As discussed, application 113 (i.e., the second code) can be functionally related to application 112 (i.e., the first code), such as being compiled from the same source code as application 112, but with different compiler flags, compiler version, or compiler type; and/or being compiled from a modified version of application 112's source code. Thus, in act 502, the first executable code and the second executable code may be compiled from identical source code, but with one or more of (i) different compiler settings or (ii) different compilers. If compiled with different compilers, the different compilers could differ based on least one of (i) compiler version or (ii) compiler type. Additionally, or alternatively, in act 502 the first executable code may be compiled from a first version of source code, while the second executable code is compiled from a second version of the source code that differs from the first version of the source code.

Method 500 also includes an act 503 of emulating the second code using the replayable trace. In some embodiments, act 503 comprises emulating execution of the second executable code using the one or more inputs from the replayable recorded execution. For example, the substitution component 117 can use the emulation component 110 to emulate execution of application 113's code, while using execution state data from recorded execution 114 (i.e., that was obtained during execution of application 112). This emulation may include using the one or more inputs that were consumed by one or more first executable instructions during the prior execution of the first executable code as inputs to one or more second executable instructions of the second executable code during emulation of execution of the one or more second executable instructions.

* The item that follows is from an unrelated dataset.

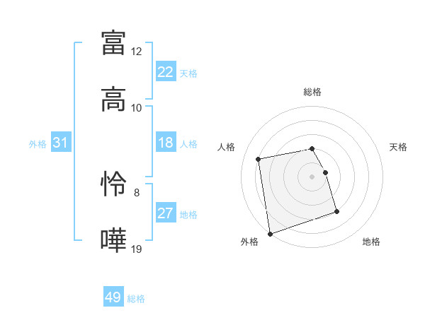 富高 怜嘩さんを姓名の画数から五運を鑑定

As discussed, this substitution can be accomplished by the analysis component identifying “functions” in applications 112 and 113 that correspond to each other, based on these functions having the same inputs and outputs. Thus, as shown in FIG. 5, act 503 might include an act 503a of identifying first function(s) in the first code that correspond to second function(s) in the second code, and an act 503b of emulating the second function(s) using traced inputs to the first function(s). In some embodiments, act 503a might comprise identifying a first chunk of first executable instructions in the first executable code (e.g., function 402-a1) that have a same set of inputs (e.g., inputs 403-a) and a same set of outputs (e.g., outputs 404-a) as a second chunk of second executable instructions in the second executable code (e.g., function 402-b1), and act 503b might comprise emulating execution of the second chunk of executable instructions (e.g., function 402-b1) using a particular input (e.g., obtained from recorded execution 114) that was supplied to the first chunk of first executable instructions (e.g., function 402-a1) during the prior execution of the first executable code.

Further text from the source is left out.